4. The lidar according to claim 1, wherein the turning mirror (31) is a polyhedral turning mirror (31), the turning mirror (31) is vertically arranged on the bottom wall (12) of the housing (1), and the width of each mirror surface of the turning mirror (31) in the vertical direction is larger than the distance from the second mirror (25) to the edge point of the receiving lens (211) away from the second mirror (25).

5. Lidar according to claim 1, characterized in that the chassis (1) has a front panel (13) and a rear cover plate (14) arranged opposite each other, the light window (11) being arranged on the front panel (13), the movement body (21) being arranged in the chassis (1) close to the front panel (13).

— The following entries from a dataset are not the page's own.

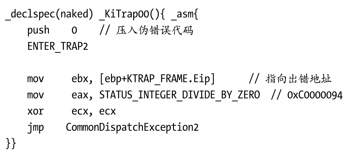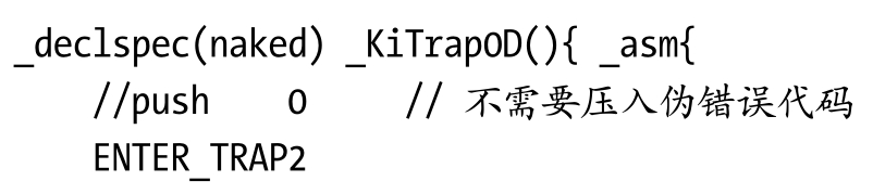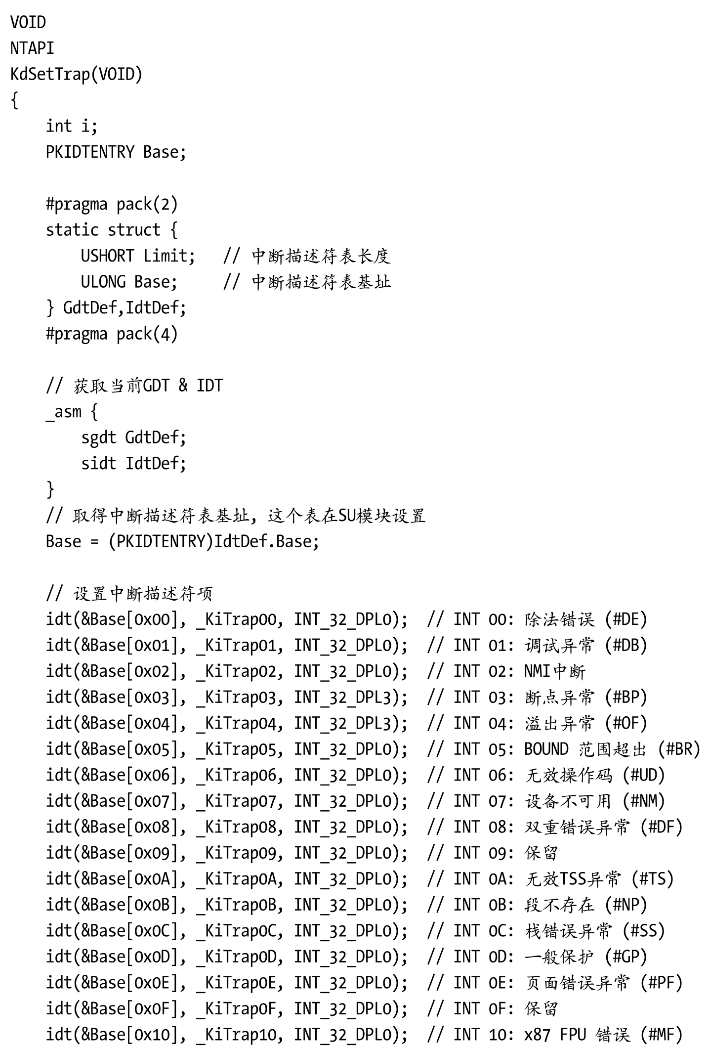 知道了原理,我们的首要任务是在中断向量表中注册异常处理例程(或叫中断处理例程),对照图3.3来设置异常处理例程:除零错误_KiTrap00(#DE),单步断点_KiTrap01(#DB),INT3断点_KiTrap03(#BP),一般保护性错误_KiTrap0D(#GP),页面错误_KiTrap0E(#PF)和调试器调用_KiTrap2D(debugger call)。这些例程框架大多数是用内联汇编编写的,其实C语言也可以编写例程框架,只是在精确控制寄存器方面没有优势。
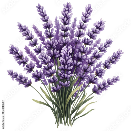 © hsn, Fototapeta premium Lavender flowers bouquet purple floral plant illustration on transparent background
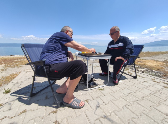Burada sıkı dostluklar kuran karavancılar, araçlarının önüne kurdukları masalarda dostlarıyla denize karşı tavla oynayıp keyifli vakit geçiriyor.

6. Lidar according to claim 1, characterized in that the transmitting module (22) is arranged at the side of the movement body (21) remote from the light window (11).

7. The lidar according to claim 1, wherein the receiving module (23) comprises a laser receiving device provided in correspondence with the receiving lens (211), and a laser receiving plate, a portion of which protrudes from one side of the movement main body (21) in the first direction.

8. Lidar according to claim 1, characterized in that the movement module (2) and the scanning module (3) are provided with a circuit board module (4) on one side in the first direction, which circuit board module (4) is used for powering and transmitting signals to the movement module (2) and the scanning module (3).

9. The lidar according to claim 8, wherein an external connector (5) is provided on the housing (1), the external connector (5) being connected to the circuit board module (4) for providing power to the circuit board module (4) and for transmitting signals.

10. A vehicle comprising a lidar according to any of claims 1 to 9.